A quick concept mapping to get you started

Splunk is a powerful, scalable search engine and data store. If you are familiar with SQL this quick comparison might be helpful to jump-starting you into using Splunk. First off, Splunk is not a database, in the normative sense -- relational databases require that all table columns be defined up-front and they don't automatically scale by just plugging in new hardware -- but there are analogs to many of the concepts in the database world. It's not a perfect mapping, but it should be enough to get you started.

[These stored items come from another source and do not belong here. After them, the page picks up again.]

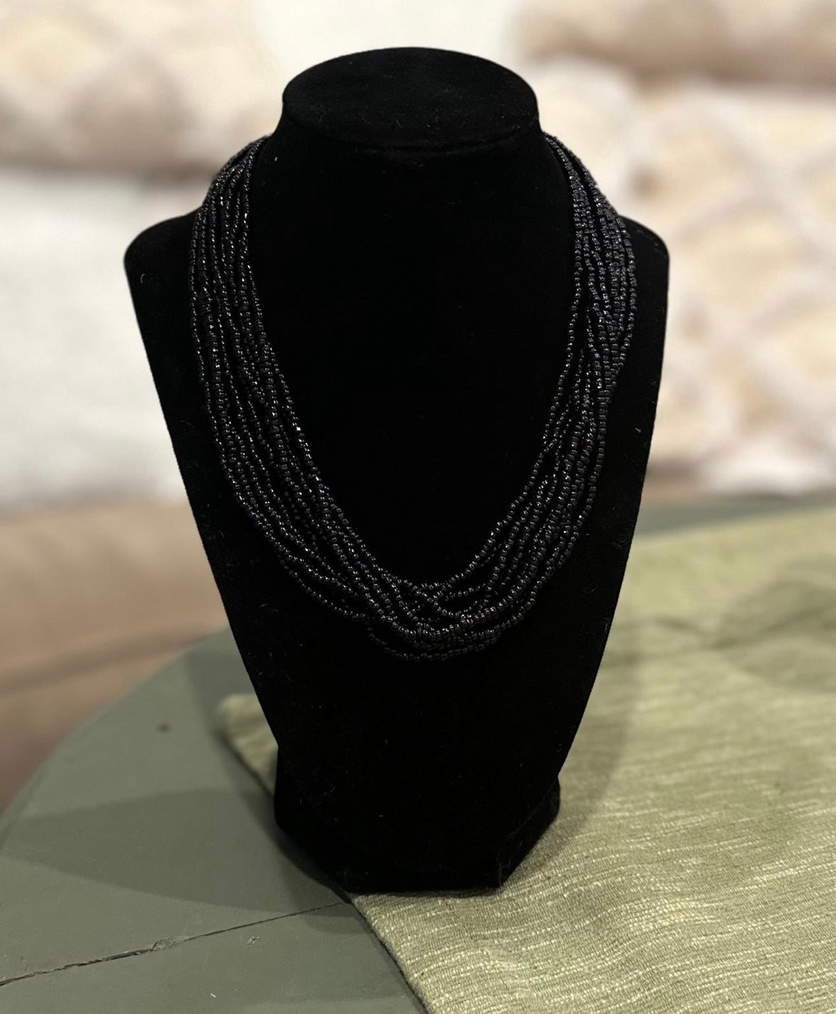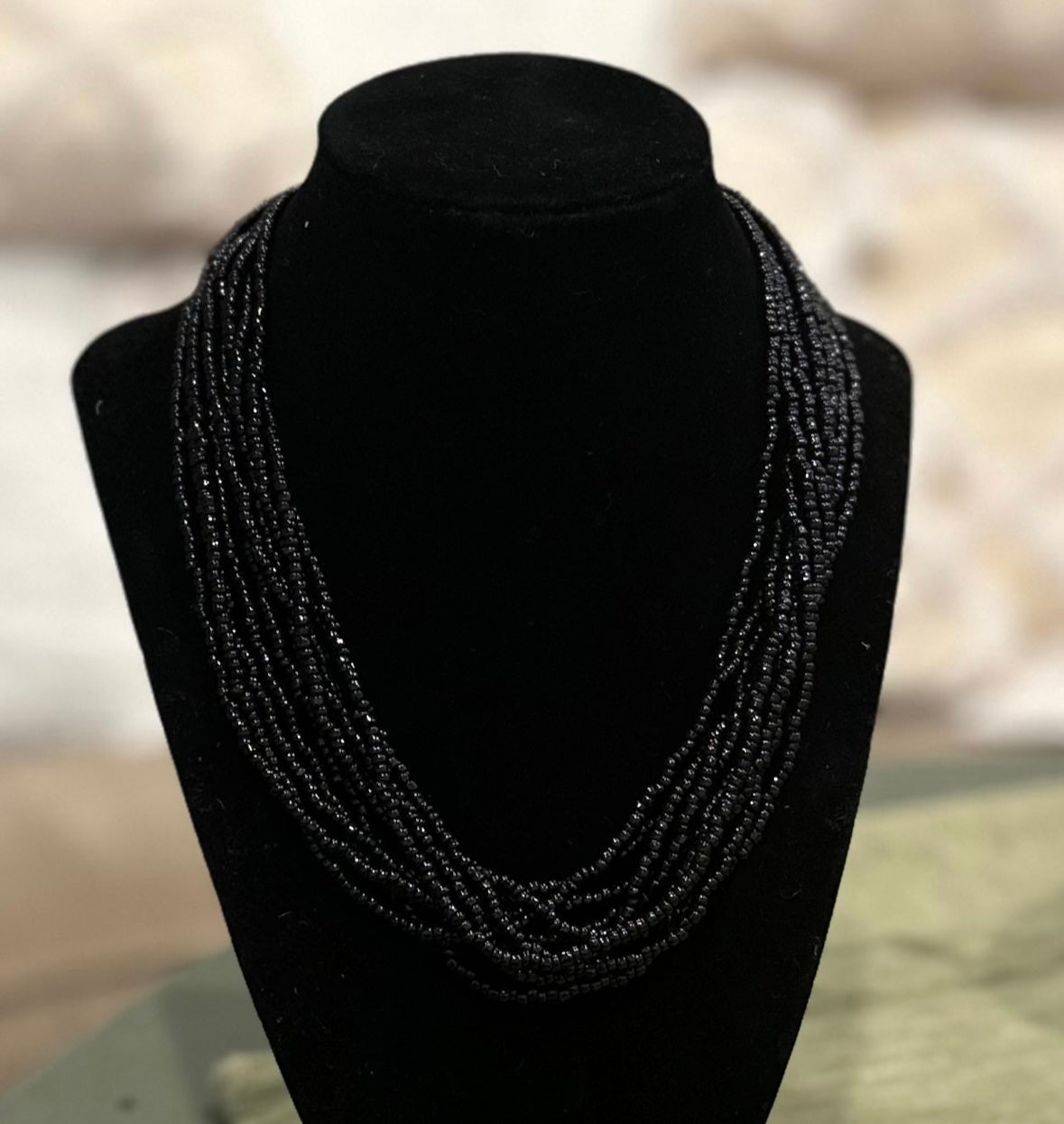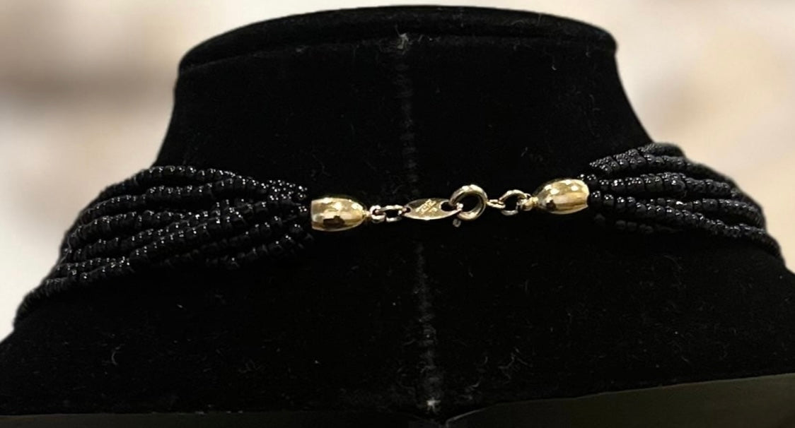Vintage Trifari Black Seed Bead Multi Strand 17.5 “ Inch Necklace Gold Tone Clasp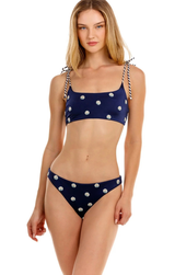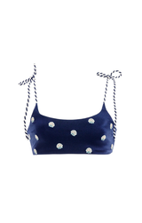 A shimmer must have! The Aya Sereia top embodies where coastal elegance meets effortless allure. Crafted from deep navy satin-look fabric, it features shimmering embroidered seashells. Featuring a scoop neck and twisted rope straps that tie delicately at the shoulders, while the back S-hook closure ensures a comfortable and secure fit.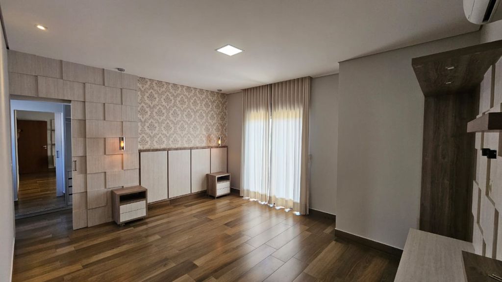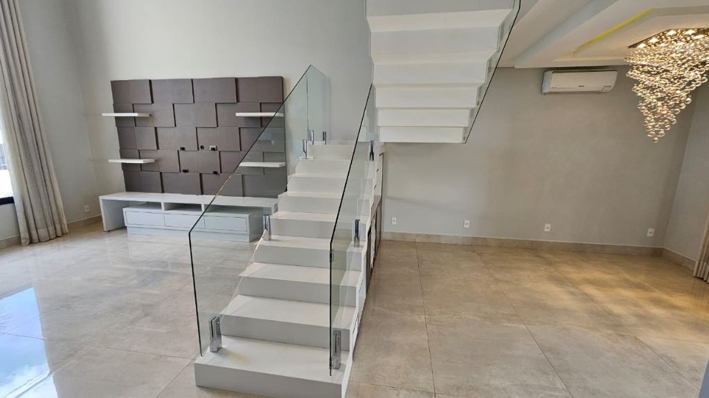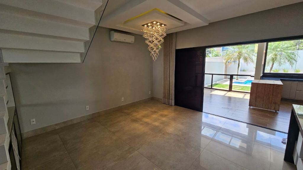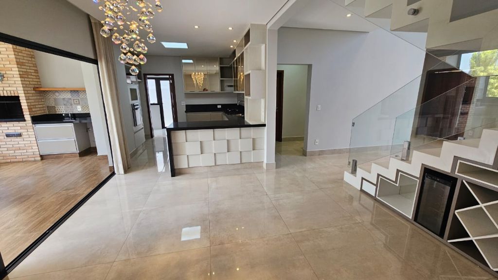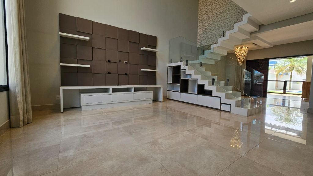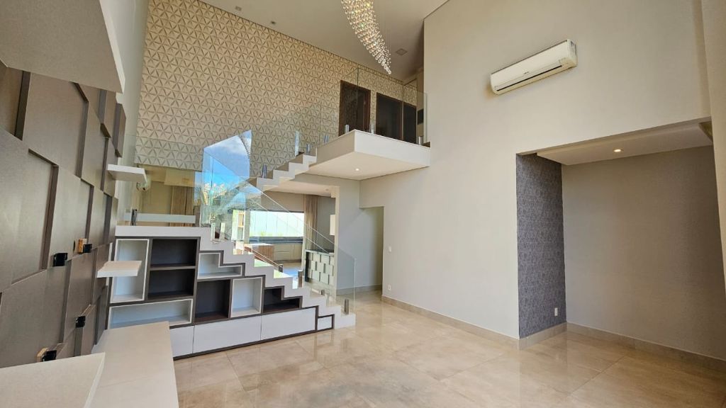 - Sala ampla com pé direito duplo, móveis planejados e lustre de cristal,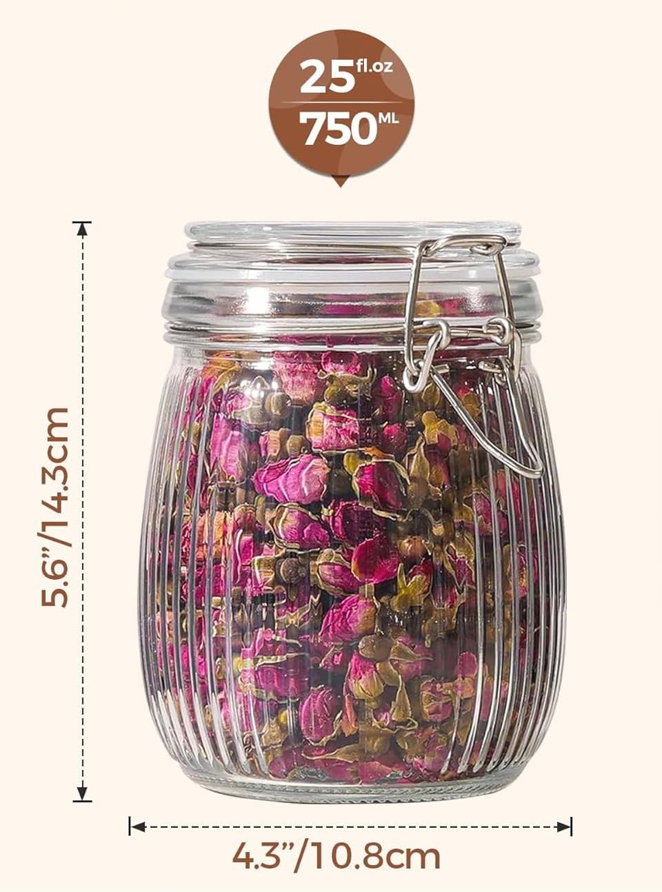 Ash & Roh Airtight Transparent storage jar with Rubber Seal lid and Clip Lock – Perfect for Kitchen Canning, Fermenting, and Storing Dry Food, Spices, Tea, Snacks, Sugar, and More (pack of 3, 750 ml)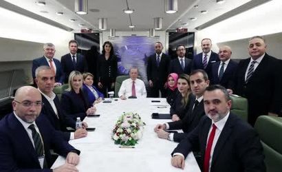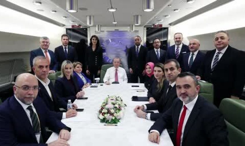 Cumhurbaşkanı Erdoğan, Türkmenistan dönüşü basın mensuplarıyla sohbet etti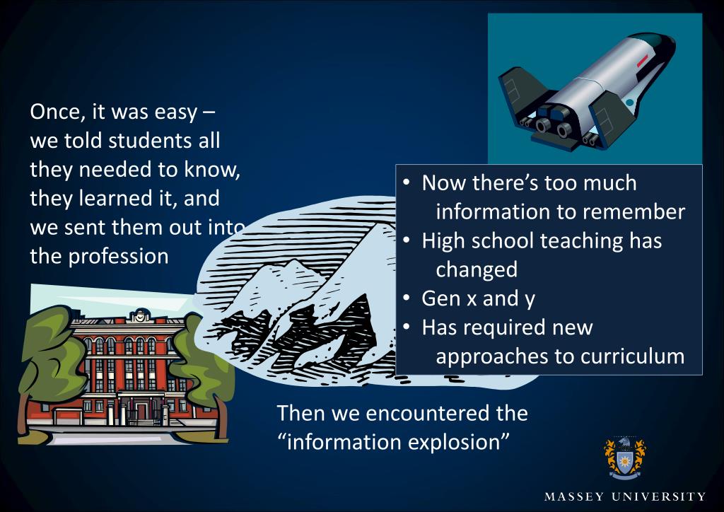 Once, it was easy – we told students all they needed to know, they learned it, and we sent them out into the profession • Now there’s too much information to remember • High school teaching has changed • Gen x and y • Has required new approaches to curriculum Then we encountered the “information explosion”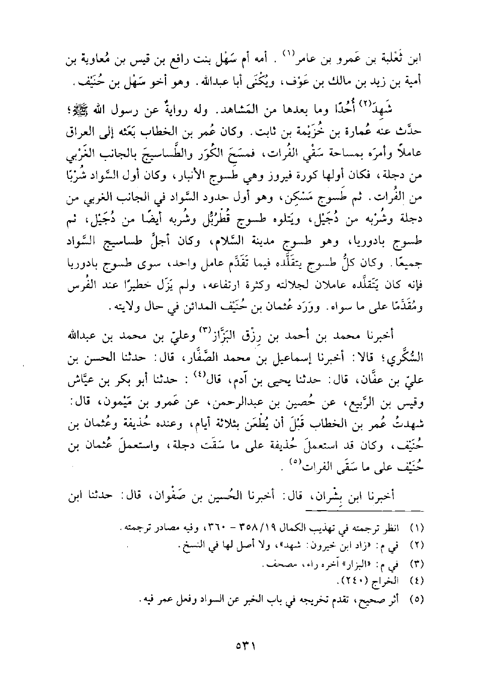أَخْبَرَنا مُحَمَّدُ بْنُ أَحْمَد بْن رزق البزاز، وعلي بْن مُحَمَّدِ بْن عَبْدِ اللَّهِ السكري، قالا: أَخبرنا إسماعيل بْن مُحَمَّد الصفار، قَالَ: حَدَّثَنَا الْحَسَن بْن عَلِيّ بْن عفان، قَالَ: حَدَّثَنَا يَحْيَى بْن آدم، قَالَ: حَدَّثَنَا أَبُو بَكْرِ بْن عياش، وقيس بْن الربيع، عَنْ حصين بْن عَبْد الرَّحْمَنِ، عَنْ عمرو بْن ميمون، قَالَ: شهدت عُمَر بْن الخطاب قبل أن يطعن بثلاثة أيام، وعنده حذيفة، وعثمان بْن حنيف، وكان قد استعمل حذيفة على ما سقت دجلة، واستعمل عثمان بْن حنيف على ما سقى الفرات.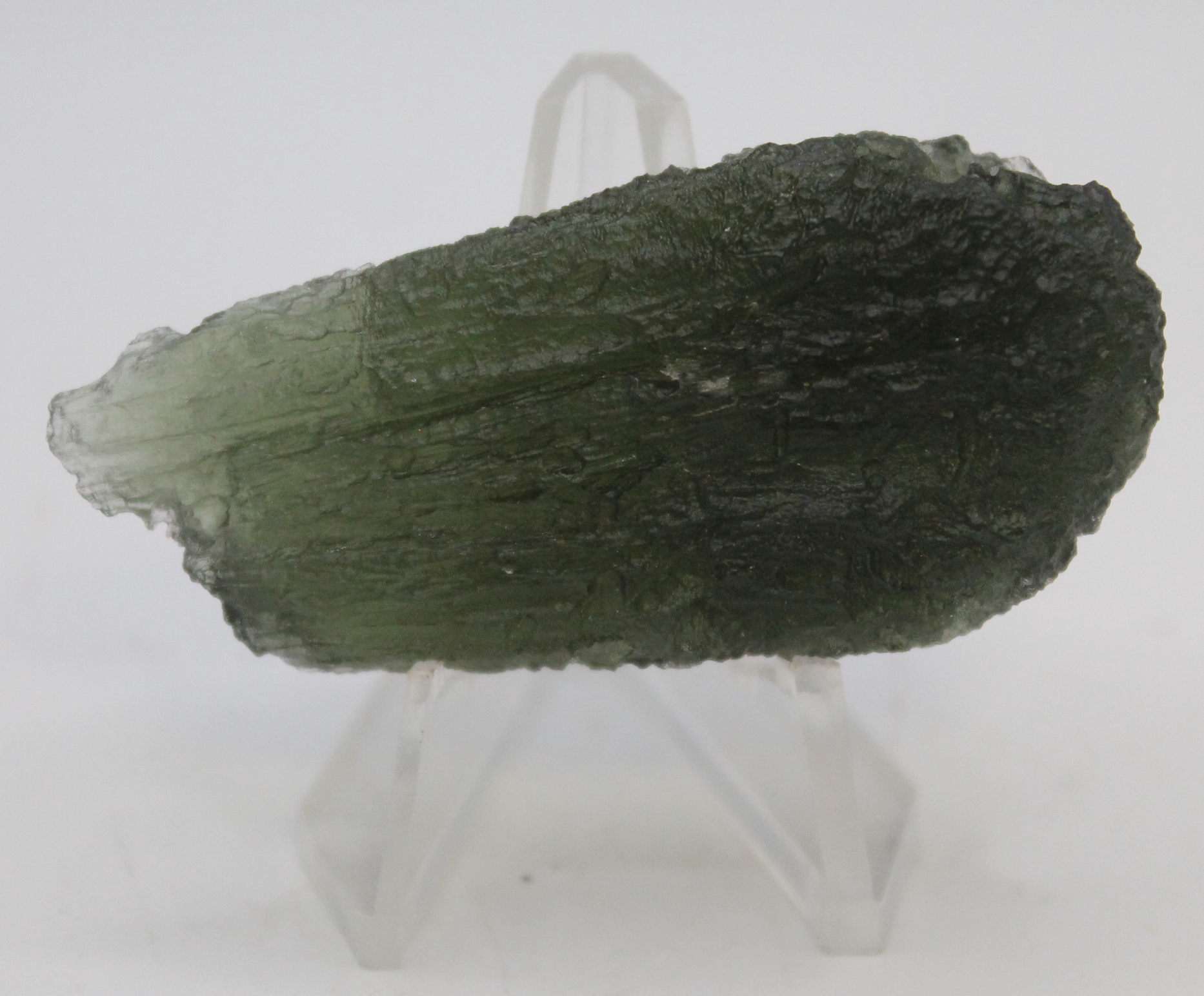 Moldavite is a green, glass-like stone that formed about 15 million years ago when a meteorite hit the Earth in what is now the Czech Republic. The heat from the impact melted the ground, and the melted material flew into the air, cooled down, and turned into glass. Moldavite has a rough surface, interesting shapes, and a deep green color. It is often used in jewelry and is popular with collectors and people who believe it has special energy.

In database terms, Splunk is a distributed, non-relational, semi-structured database with an implicit time dimension.

Concepts

DB Concept	Splunk Concept	Notes
SQL query	Splunk search	A Splunk search retrieves indexed data and can perform transforming and reporting operations. Results from one search can be "piped" (i.e., transferred) from command to command, to filter, modify, reorder, and group your results.
table / view	search results	Search results can be thought of as a database view, a dynamically generated table of rows, with columns.
index	index	All values and fields are indexed in Splunk, so there is no need to manually add, update, drop, or even think about indexing columns. Everything can be quickly retrieved automatically.
row	result / event	A result in Splunk is a list of field (i.e., column) values, corresponding to a table row. An event is a result that has a timestamp and raw text. Typically in event is a record from a log file, such as: `173.26.34.223 - - [01/Jul/2009:12:05:27 -0700] "GET /trade/app?action=logout HTTP/1.1" 200 2953`
column	field	Fields in Splunk are dynamically returned from a search, meaning that one search might return a set of fields, while another search might return another set. After teaching Splunk how to extract out more fields from the raw underlying data, the same search will return more fields that it previously did. Fields in Splunk are not tied to a datatype.
database / schema	index / app	In Splunk, an index is a collection of data, somewhat like a database has a collection of tables. Domain knowledge of that data, how to extract it, what reports to run, etc, are stored in a Splunk app.

From SQL to Splunk

Note:

In the below examples, we use the value of the Splunk field "source" as a proxy for "table". In Splunk, "source" is the name of the file, stream, or other input from which a particular piece of data originates, for example /var/log/messages or UDP:514. In truth, we could use any field, but "source" feels most appropriate for these examples.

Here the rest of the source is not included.